With two children aged under five, Daniel Northern knows this is the time to be sharing in the joys of their daily discoveries.

Yet while his son and daughter are exploring the world, their father is an ocean away, plying his trade as a towering centre and enforcer for the Glasgow Rocks.

Nine months of separation takes its toll, the American admits. "It's depressing," he says. "I have times when I really feel their absence. But I get back on the phone and hear them laugh. And I know this allows me to buy them what they want. There's some fulfilment from that, but it's still hard."

Winning makes life easier but during a season to largely forget, the Rocks have frequently driven Northern into the mire. However, in front of an expected 7000-strong partisan crowd this afternoon at their own Emirates Arena, Sterling Davis' men have an opportunity to secure the club only their second piece of silverware when they take on Worcester Wolves in the BBL Trophy final.

They are huge underdogs. Their guests are in the frame for a potential treble and have consistently excelled. Northern is keen to confound the odds, just as he did when basketball offered an alternative path to the mean streets of Warner-Robins, one of America's pockets of decay,100 miles outside Atlanta.

As a youth, despair was part of the daily diet, the deaths of friends and family all too common, including that of his elder brother Damien in the most troubling of circumstances. Found hanged in Florida, the initial verdict of suicide has been challenged by those who claim it was a brutal lynching conducted by white supremacists.

"That was my freshman year at college and I found it very tough," Northern says. "I almost didn't play basketball any more. I felt at the time if I'd been home, I could have saved him. But there was nothing I could have done. I have his name tattooed on my chest."

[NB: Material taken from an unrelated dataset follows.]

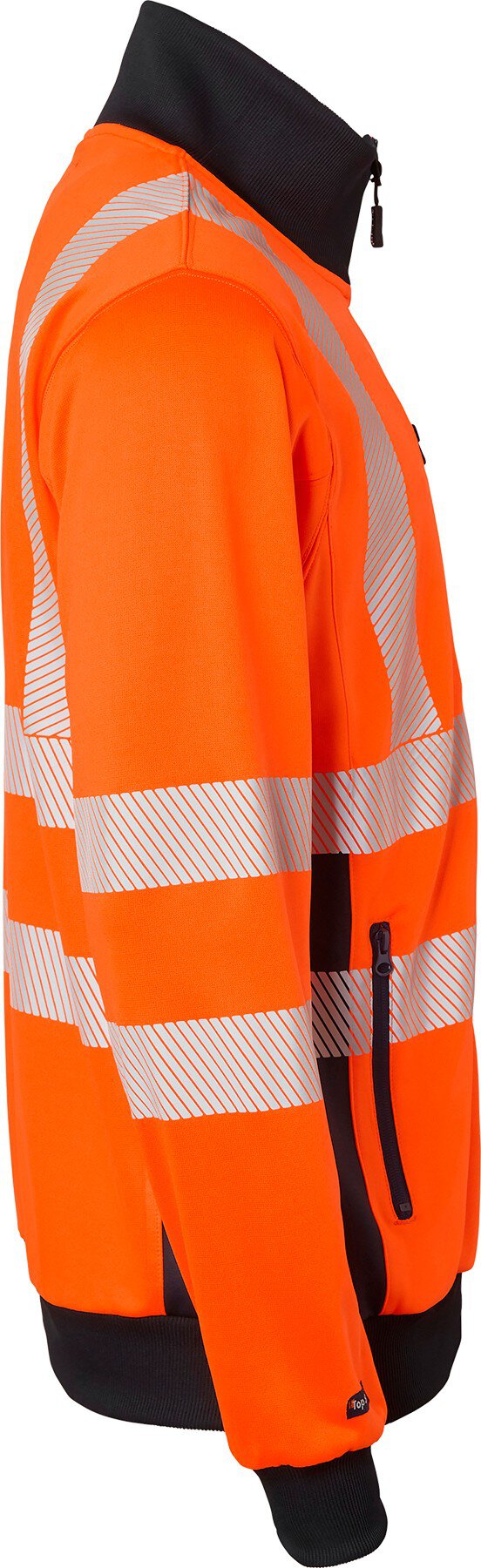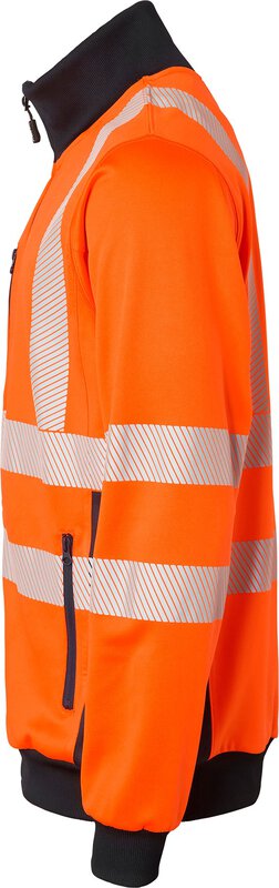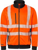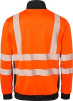 Sweatshirt mit durchgehendem Reißverschlußkragen. Eine Brusttasche mit Reißverschluss und Druckknöpfen sowie ein Ausweisfach. Zwei Vordertaschen mit Reißverschluss. Gerippter Kragen. Elastische Taille und Armabschlüsse. EN ISO 20471 Klasse 3.

Instead of giving up, however, he threw himself into his sport. "It has been an escape. A safe haven. I come to practice, that's my getaway," he says.

It has taken him around the world, the sacrifice necessary to raise his offspring on the right side of the tracks. This, like so many of his contemporaries, is all about chasing the dream. No-one in the British league is accumulating great wealth. "But I'm hoping one day I get a call from a team offering big money. I'm 28. I don't want to sit down at a desk now. So to be able to play professional basketball is a huge plus."

A winner's medal from today would be a prized souvenir to take home in May. Few expect the Rocks to defy the odds but in shared adversity, Northern declares, bonds are forged. "If we weren't close, we'd be killing one another," he says. "But we've come together. And hopefully we'll be winning together."